Examination of the missing data can be performed using group analyses such as non-parametric Mann-Whitney U tests to compare the group of subjects with missing values to those with complete cases to check if the the missing data mechanism is related to other variables in the data set (Tabachnick and Fidell, 2007) ie is missing at random (MAR). If there is no relationship between data values and the 'missingness' group one might be inclined to treat the missing values as missing completely at random (MCAR). Tabachnick and Fidell (2007) point out that if less than 5% are missing completely at random almost any procedure for handling missing values yields similar results. Everett and Dunn (1991) recommend conducting a complete case analysis for cases where there are few missing values and the data are missing completely at random.

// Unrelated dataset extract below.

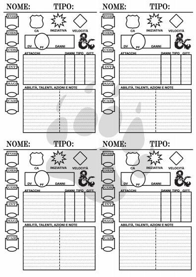 It shames many other thirdparty products I would have paid for this level of editing, really Our group will definitely use it Thanks!. D&D 35 Scheda degli incantesimi (4551 download) D&D 35 Scheda pieghevole (by Dragons' Lair) (4552 download) D&D 35 Scheda alleato o mostro evocato (3102 download) D&D 35 Scheda Excel (4397 download) D&D 35 Scheda del ranger (1722 download) D&D 4° edizione Scheda del giocatore (4375 download) D&D 4° edizione Scheda. Start date Nov 16, 15;.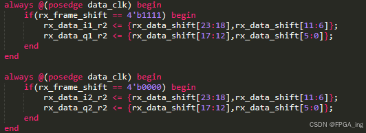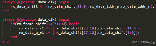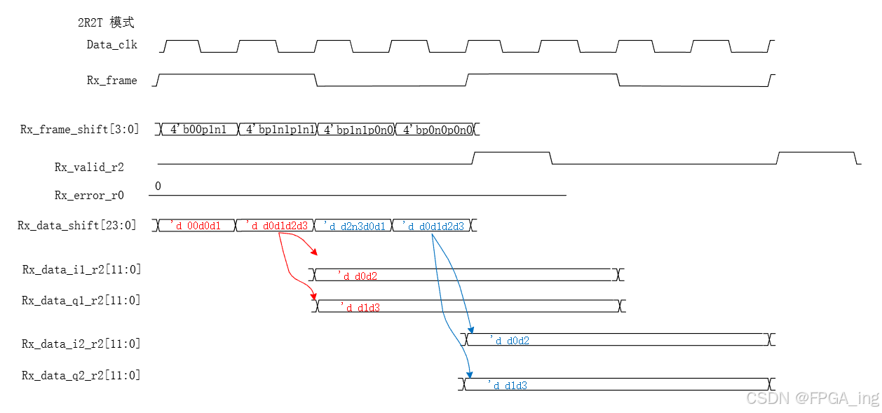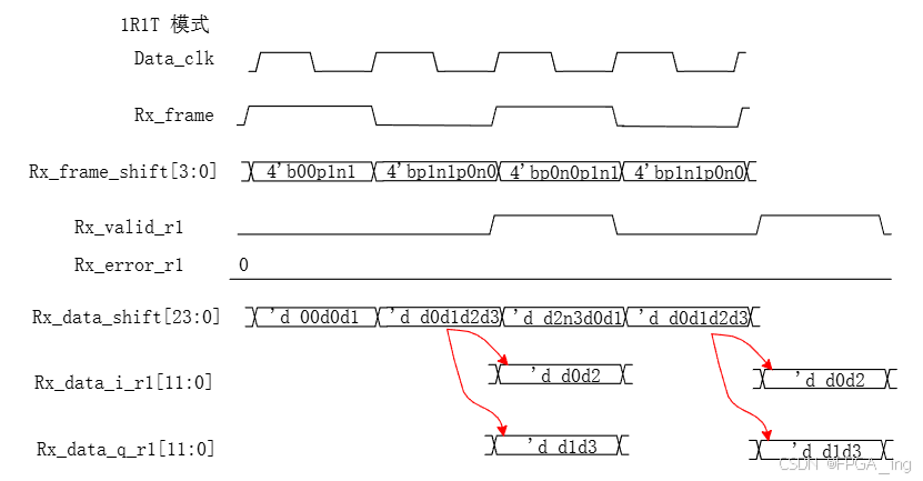 对于 rx_data 信号与Rx_frame 类似,参照下图时序,取对应的 Q 或者 I 进行拼接即可;

More complex approaches (namely the EM algorithm, multiple imputation and mixed random effect models) are need if we have missingness related to the observed variables, missing at random, (see here). These approaches have gained popularity and the EM algorithm and mixed effect models are now available to use in most statistical packages including SPSS (see here), MPLUS, the confirmatory factor analysis software, which uses maximum likelihood analysis based upon covariance matrices using regression and factor analysis models to handle missing values and SAS (see here) which also details the concepts underlying the more involved multiple imputation which combines results from the same analysis on data with missing values replaced by different estimates. SPSS can perform analyses on different data sets but however does not (version 22) compute estimates pooled across these data sets.

Various methods of pooling the estimates obtained from multiple imputation samples have been suggested including Raghunathan and Dong (2011) who give a simple approach for combining mean squares from analyses of variance and Van Ginkel and Kroonenberg (2014) who present SPSS macros for doing the same thing. G. Dufouil, Brayne and Clayton (2004) alternatively weight cases who have attrition due to data lost to follow-up by the inverse probabilities of staying in the study to account for possible bias in differential dropouts between groups being compared. This approach is not generally available but can be implemented in STATA.

Below are two macros for performing one of the simplest imputations, replacing missing values with variable means, in SPSS. Suppose we have 50 variables labelled in consecutive columns aq1 to aq50. The below macro will identify only complete cases. For larger proportions of missing data (say > 10%) multiple imputation and the EM algorithm are suggested.

compute ind=1.
exe.

define !inmiss ( !pos !tokens(1)
                          / !pos !tokens(1)) .
!do !i=!1 !to !2.
if missing(!concat(aq,!i)) ind=ind*0.
!doend.
!enddefine.

!inmiss 1 50.
exe.
USE ALL.
COMPUTE filter_$=(ind=1).
VARIABLE LABEL filter_$ 'ind=1 (FILTER)'.
VALUE LABELS filter_$  0 'Selected' 1 'Not Selected'.
FORMAT filter_$ (f1.0).
FILTER BY filter_$.
EXECUTE .

The below macro will replace the missing values with the variable mean

define !inmiss ( !pos !tokens(1)
                          / !pos !tokens(1)) .
!do !i=!1 !to !2.
rmv /!concat(aq,!i,a)=smean(!concat(aq,!i)).
compute !concat(aq,!i,a) = rnd(aq,!1,a).
!doend.
!enddefine.

!inmiss 1 50.
exe.

As the items are dichotomous hence can only take two values we could consider rounding up the imputed means so that they take values that can actually occur. For 50 variables called aq1a to aq50a the below syntax rounds up their inputed values and places the results in variables y1 to y50.

do repeat r=aq1a to aq50a /y = y1 to y50.
compute y=rnd(r).
end repeat.
exe.

References

Dufouil, C., Brayne, C. & Clayton, D. (2004). Analysis of longitudinal studies with death and drop-out: a case study. Statistics in Medicine, 23, 2215-2226.

Everitt, B. S. & Dunn, G. (1991). Applied multivariate data analysis. London:Edward Arnold.

Peng, C. Y. J., Harwell, M., Liou, S. M. & Ehman, L. H. (2006) Advances in missing data methods and implications for educational research. In Real data analysis (ed S. Sawilowsky) 31-78. Information Age: Greenwich, CT.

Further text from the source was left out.